Exception prediction engine 102 may enhance value analysis and item management through predictive actions and interpretation. For example, in response to exception prediction engine 102 providing accurate predictive analytics and interpretations, data visualization system 106 contributes to enhanced value analysis and efficient management of decisions about items in the supply chain. For example, based on improvements in match exception, improvements are made to data visualization system 106 comprising inventory, demand forecasting, resource allocation, and minimizing the occurrence of exceptions.
In some non-limiting embodiments or aspects, data visualization system 106 acts as a vital tool for comprehending and leveraging data across the supply chain. Data visualization system 106 provides seamless communication with other enterprise systems, transforms complex information into easily understandable visuals, provides actionable inferences based on processed data, and contributes to optimized value analysis and item management. Through these functions, data visualization system 106 enhances the overall functioning of the supply chain management system and its ability to handle match exceptions effectively.
Data store 108 provides a repository for various types of data that are relevant to exception prediction engine 102. This could include historical transaction data, account information, supplier details, past exceptions, and other relevant datasets. The data may be stored in an organized manner, making it easily retrievable when needed for analysis, modeling, and prediction.
In some non-limiting embodiments or aspects, exception prediction engine 102 interacts with data store 108 to access (or store) the necessary information for its predictive analysis. It may retrieve data from the database to build and train prediction models. The data store acts as a central hub where different sources of data are integrated, enabling the exception prediction engine to have a comprehensive view of the healthcare supply chain's historical activities and patterns.
In some non-limiting embodiments or aspects, machine learning models operating within exception prediction engine 102 may include a significant storage amount of training data to make accurate predictions. Data store 108 maintains or provides this data for model training purposes. Exception prediction engine 102 may retrieve relevant data from the database to train and refine its prediction algorithms.

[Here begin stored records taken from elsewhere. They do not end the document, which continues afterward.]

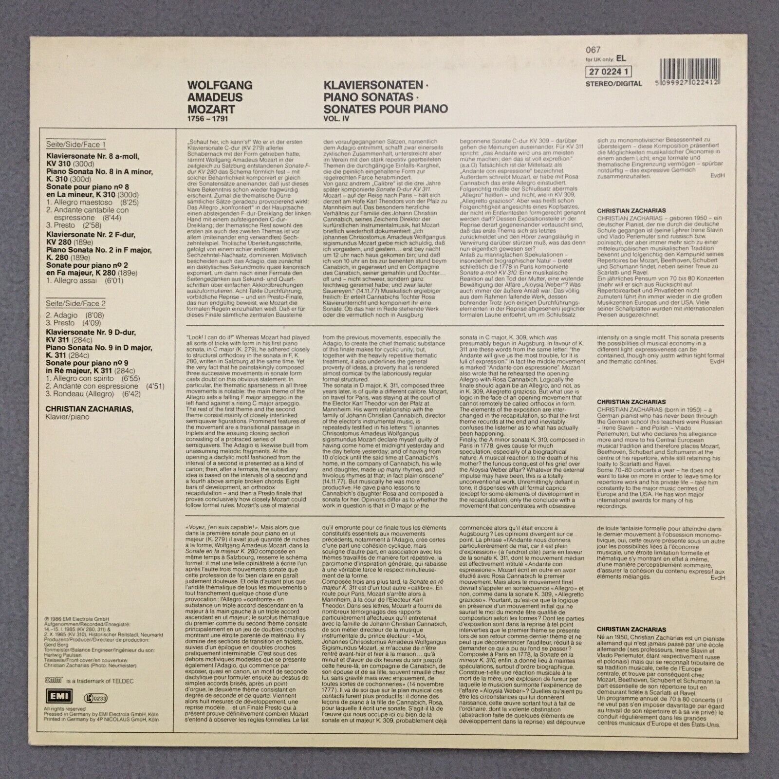 S402 Mozart Piano Sonatas Zacharias EMI 067 27 0224 1 Digital Stereo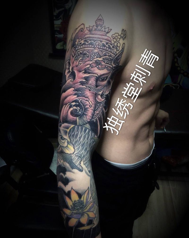 当前位置: 首页 >四川省南充市纹身店-独绣堂刺青纹身图案>象神锦鲤新传统花臂纹身图片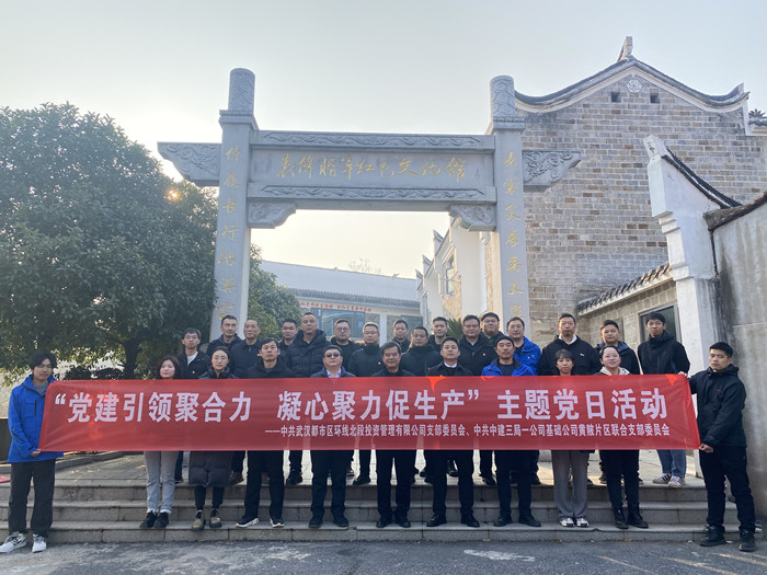 為積極探索業(yè)主管理單位與施工單位黨組織互促互助機制,深入推進黨建生產(chǎn)高度融合,切實推動現(xiàn)場施工生產(chǎn)建設(shè),安全、高效完成項目建設(shè)目標,2023年12月27日,武漢都市區(qū)環(huán)線北段投資管理有限公司黨支部與中建三局一公司基礎(chǔ)公司黃陂片區(qū)聯(lián)合黨支部以“黨建引領(lǐng)聚合力 凝心聚力促發(fā)展”為主題開展聯(lián)合黨日活動。武漢交投集團總經(jīng)理王愛民、北六環(huán)公司黨支部副書記胡楊,項目公司及中建三局3標段二分部全體黨員干部參與活動。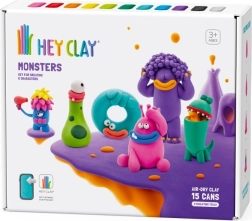 HEY CLAY Monsters to wesoły zestaw kolorowej piankowej masy, który pozwala dzieciom modelować oryginalne postacie potworków. Dzięki lekkiej i przyjemnej w dotyku teksturze masa łatwo się formuje, nie przykleja się do rąk, a po zabawie można ją przechowywać w szczelnie zamkniętych kubeczkach. Aplikacja z interaktywnymi instrukcjami prowadzi dzieci krok po kroku i pomaga stworzyć sześć unikalnych postaci.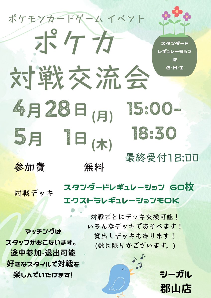シーガル郡山店です! 本日15:00~ 参加費無料 デュエルスペースにて ポケカ対戦交流会 ・スタンダード ・エクストラ 一戦だけでもOK! スタンダードの貸し出しデッキもございます! ご参加お待ちしております😊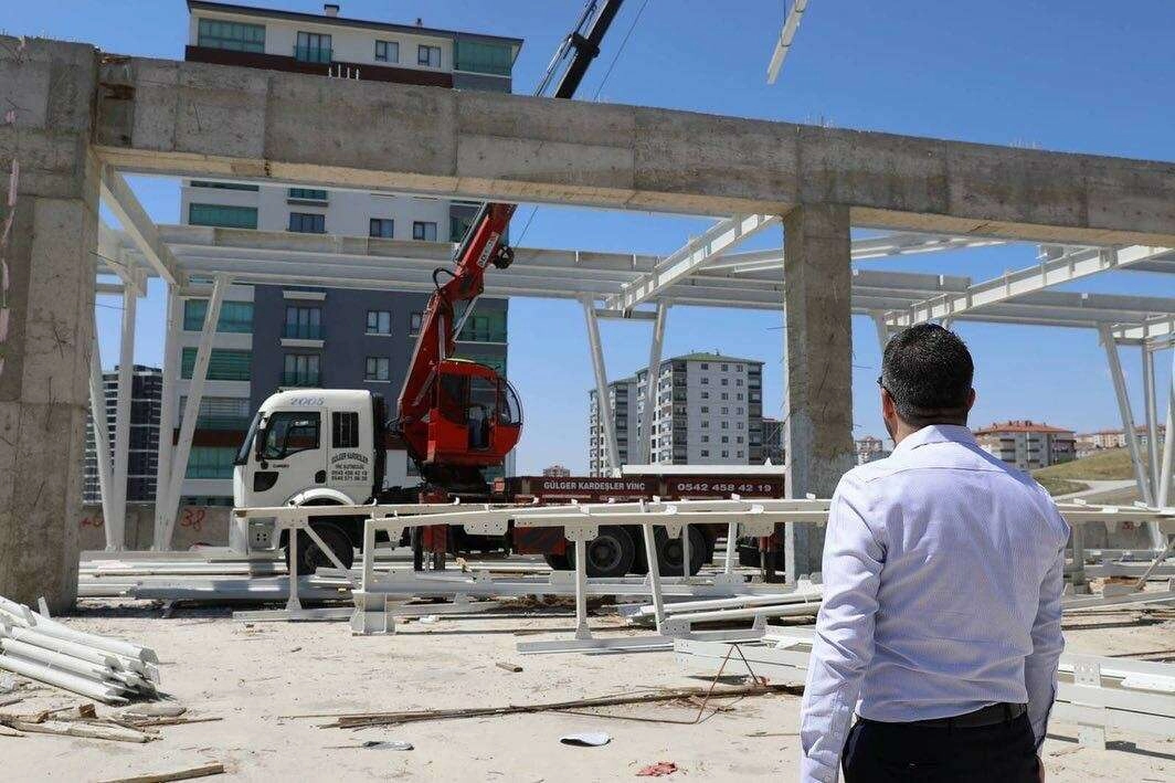 Mimar Sinan Mahallesi’nde ilçeye yeni bir kimlik kazandırarak, vatandaşların birçok ihtiyacını tek bir çatı altında birleştirmeyi planlayan Pursaklar Belediyesi, Ticaret Merkezi ve Modern Pazar Alanı’ndaki çalışmalarını hızla sürdürüyor. İlçe genelinde devam eden tüm projelerin ilerleme aşamalarını titizlikle takip eden Pursaklar Belediye Başkanı Ertuğrul Çetin, inşaat alanında incelemelerde bulunarak, gelinen son nokta hakkında ekiplerden bilgi aldı.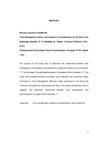 Lawrence, Michael (2013) Hubungan Manajemen Waktu dan Proakrastinasi Akademik pada Mahasiswa Tingkat Akhir di Universitas X yang sedang Mengerjakan Skripsi. Skripsi thesis, universitas Tarumanagara.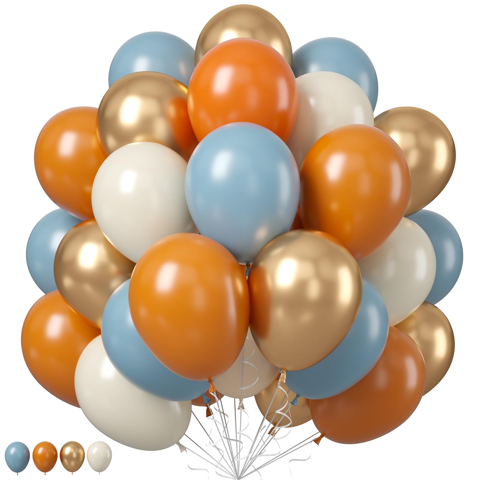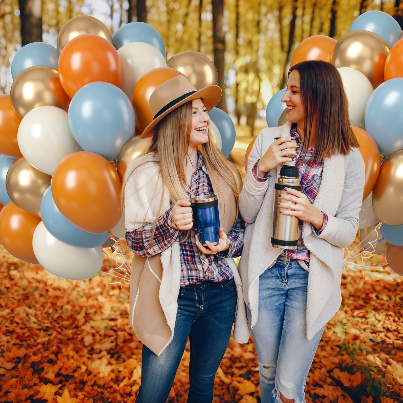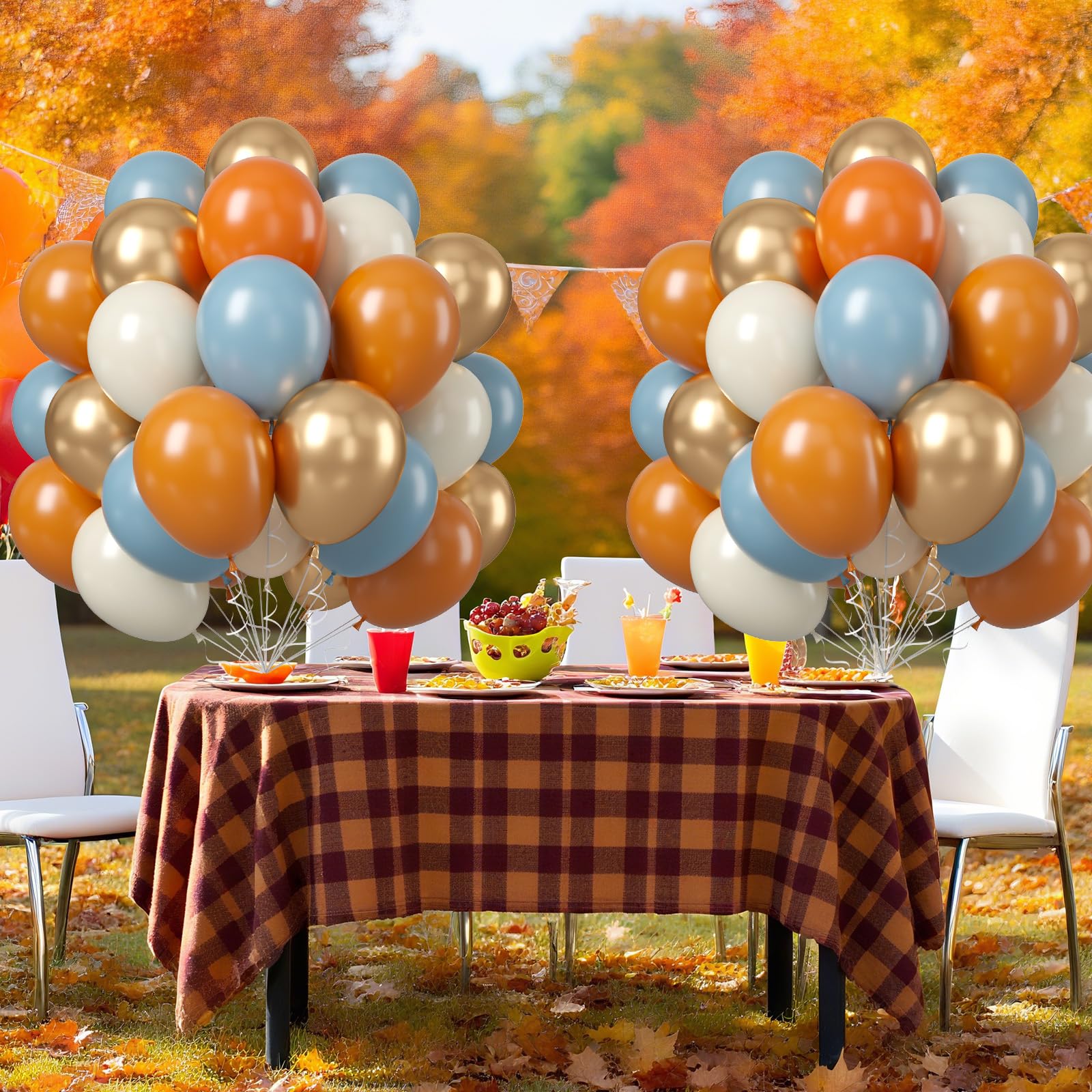 12Inch Fall Balloons Set: include 15* mist blue balloons, 15*dusty blue balloons, 10* sand white balloons, 15* burnt orange balloons, 8* metallic champagne gold balloons, 2 * ribbon. Our fall thanksgiving party balloons can be used to DIY hula hoop balloon garlands and then used to decorate dessert tables, or can be hung on the wall for decoration, or used as photo props.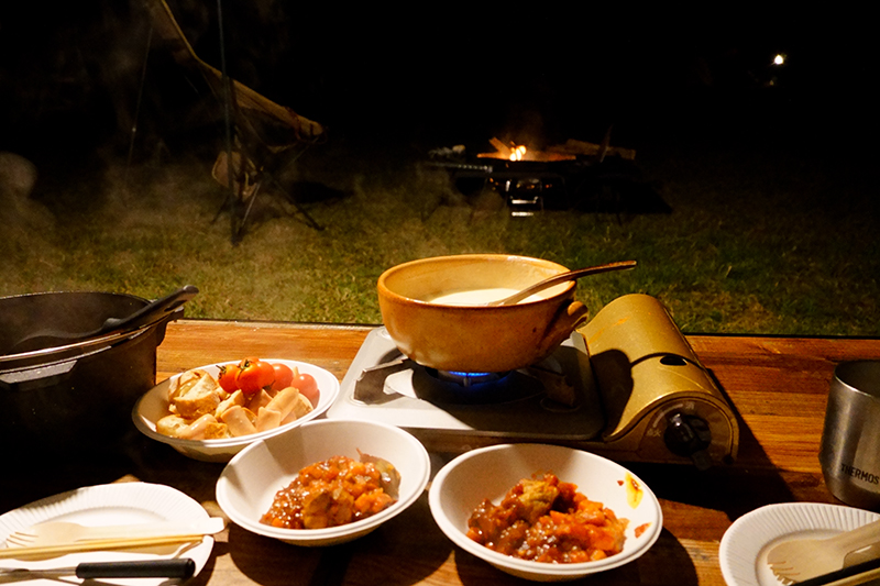 夫婦の会話が弾むのも焚火の効果ですね。煮込み料理が出来上がる1時間ほど会話とお酒を楽しみました。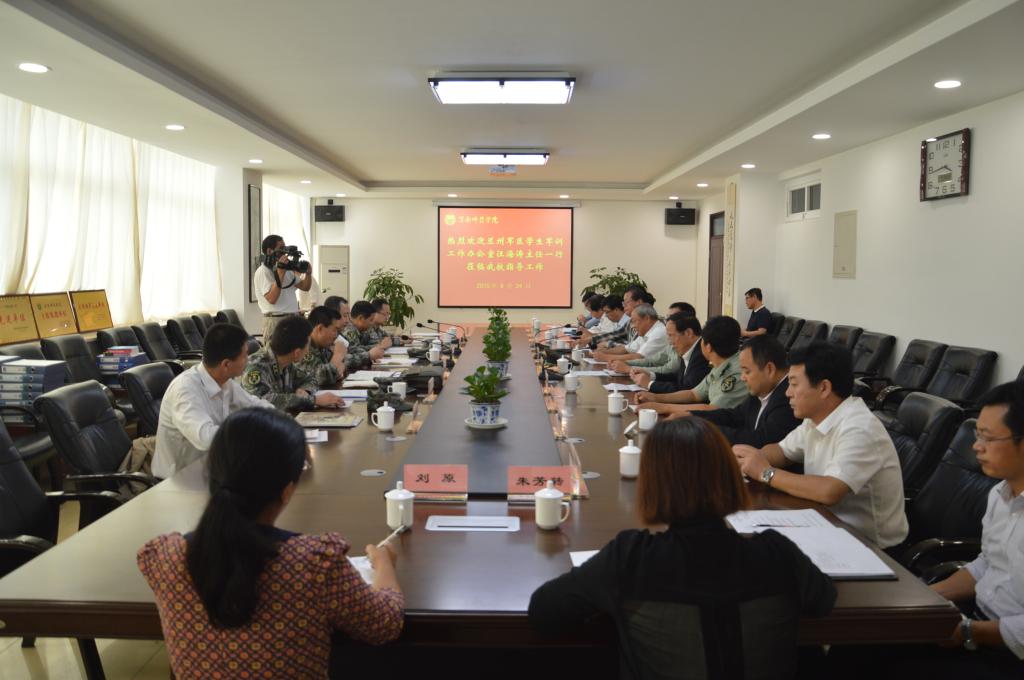 9月24日上午,兰州军区学生军训工作办公室主任汪海涛大校、参谋张文璞、陕西省军区军训办公室主任成龙昌大校、办公室参谋程来杰、边防学院业务教研室主任杜空军等一行7人莅临纽约国际官网检查指导2015级学生军训工作。校党委书记张金安,承训部队团长霍卫华,副院长王君龙,党委委员、组织部部长杨小渭,党政办公室主任韩小卫,人武部部长崔启,学工部部长王俊安,教务处处长李尧龙,保卫处处长王争辉,团委书记姚明亮及军事理论课教师代表陪同检查。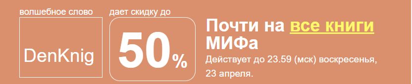 = Рекомендуем: "Лучшие книги по мнению читателей". по 24 апреля 2023, 18+ = Промокод SKQ22BRY — скидка 10 % на специальную подборку 18+ = Скидки дня — до 50% на специальную подборку 18+ =Читай больше — плати меньше! 18+ После каждой покупки на Букривер, вы можете в течении 24 часов приобрести со скидкой 30% любую книгу из этого раздела. Ваш таймер будет обновляться с каждой новой покупкой. = Спец подборка книг до 30% 18+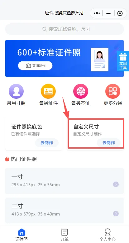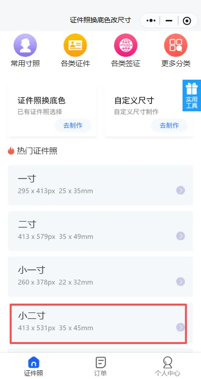 打开小程序,在搜索框或规格库中直接查找并选择 “小二寸” 模板。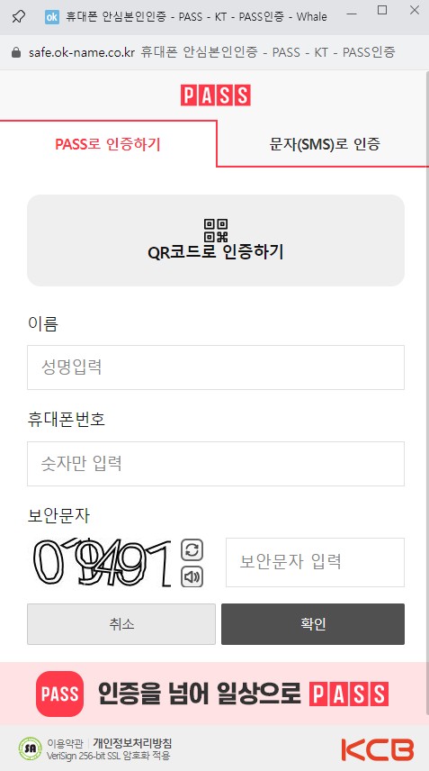 pass로 인증하시거나 문자인증 혹은 QR코드로 인증을 진행해주세요.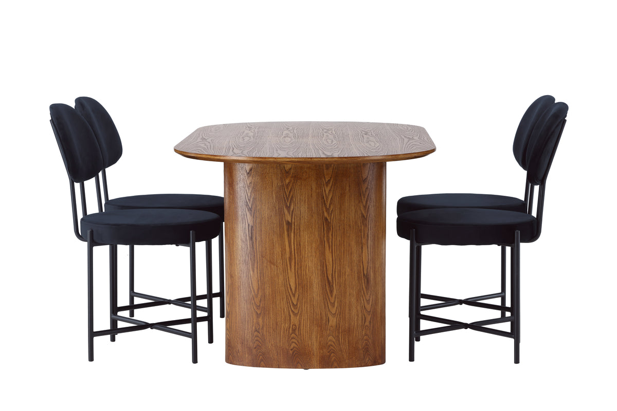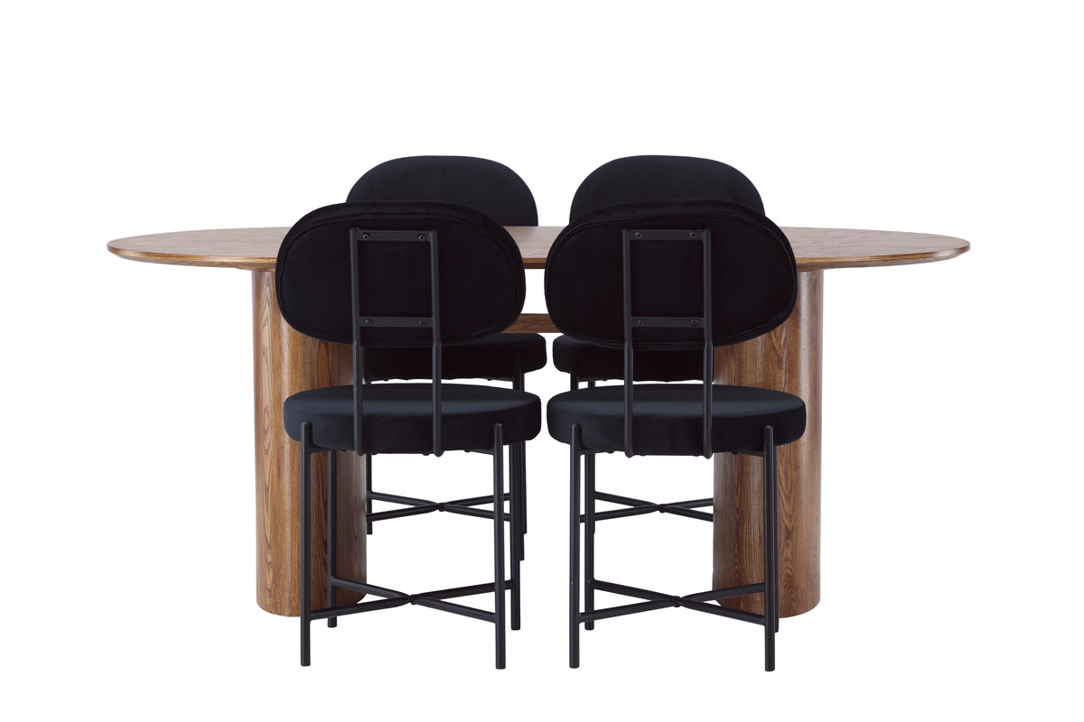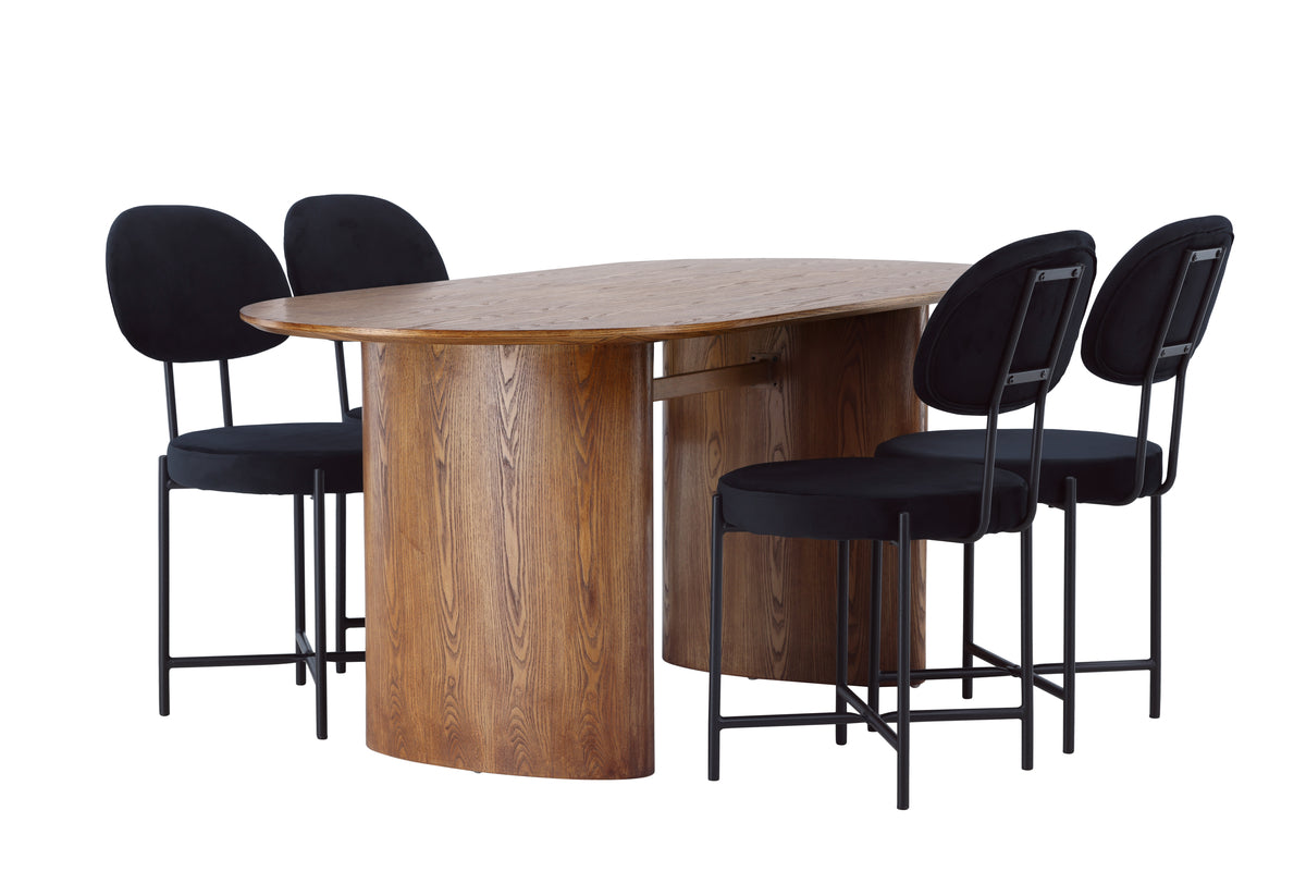 Ett modernt blickfång i ditt hem. Här får du en pålitlig matgrupp i robust stil som kommer stå stadigt i flera år och imponera på både dig och dina gäster! Det ovala matbordet Isolde, med sin trendiga naturträ kulör, kommer att bli hjärtat i ditt vardagsrum. Med en bordsskiva i MDF och en robust stomme utstrålar detta bord kvalitet och stadighet. Den levande materialet tillför en vacker rörelse som blir en dekorativ detalj. Bordets mått: 140x75cm. Tillsammans med våra svarta matstolar Stella bildar den här matgruppen en perfekt harmoni. Stolen förenar komfort och stil på ett fantastiskt sätt. Den trendiga skandinaviska designen kombinerar en rund sits och ryggstöd i lyxigt svart sammetstyg med minimalistiska stolsben i elegant svart stål. Denna kombination av material och form ger enastående komfort och en sofistikerad touch till din måltid. Njut av varje stund vid denna exklusiva matgrupp. Skapa en inbjudande atmosfär där du och dina nära och kära kan samlas för minnesvärda stunder och njut av god mat i stil och komfort!

In some non-limiting embodiments or aspects, computing environment 100 includes a healthcare supply chain, such that new supply chain data is constantly generated. Data store 108 provides real-time or periodic updates to ensure that the prediction models are up-to-date and reflective of the latest trends and activities.
In some non-limiting embodiments or aspects, data store 108 performs data Cleansing and Preprocessing. For example, before using the data, the exception prediction engine 102 may preprocess the data (e.g., automatically preprocess, etc.), cleanse it, remove inconsistencies, remove errors, or remove irrelevant information. This preprocessing could involve tasks such as data normalization, handling missing values, and data transformation. Data store 108 could potentially include features to assist with these tasks.
In some non-limiting embodiments or aspects, data store 108 provides data security and access control. For example, data stored in data store 108 may be sensitive and valuable. data store 108 determines robust security measures to protect the data, including user authentication, access controls, encryption of data at rest, and audit trails to track who accessed the data and when, and/or the like.
In some non-limiting embodiments or aspects, data store 108 provides scalability and performance: For example, data store 108, as the amount of data grows over time, provides scalability and performance. Data store may be configured to efficiently handle large volumes of data and providing rapid access for analysis and prediction tasks.
In some non-limiting embodiments or aspects, data store 108 provides retrospective analysis, reporting, and generating inferences into past exceptions and supply chain activities to identify in combination with trends, areas for improvement, and potential strategies to prevent future exceptions.
In some non-limiting embodiments or aspects, user computing device 112 may be a personal computing device (e.g., desktop computer, laptop computer) or mobile computing device (e.g., smartphone, tablet). In addition, user computing device 112 may be linked to and/or used by an enterprise user (who may, e.g., be an employee of a healthcare institution operating exception prediction engine 102). For example, user computing device 112 may be used by an enterprise associate who manually processes and/or reviews deposit items and/or exceptions associated with deposit items. Additionally, user computing device 112 includes functions involving the manual processing and review of deposit items and exceptions, as well as configuration and monitoring of exception prediction engine 102 and other enterprise computing devices.
Supplier sales automation system 120 also may be a personal computing device (e.g., desktop computer, laptop computer) or mobile computing device (e.g., smartphone, tablet). In addition, supplier sales automation system 120 may be linked to and/or used by an enterprise user (who may, e.g., be an employee of a healthcare institution operating exception prediction engine 102). For example, supplier sales automation system 120 may be used by a network administrator or backend enterprise user who monitors and/or configures exception prediction engine 102 and/or other enterprise computing devices.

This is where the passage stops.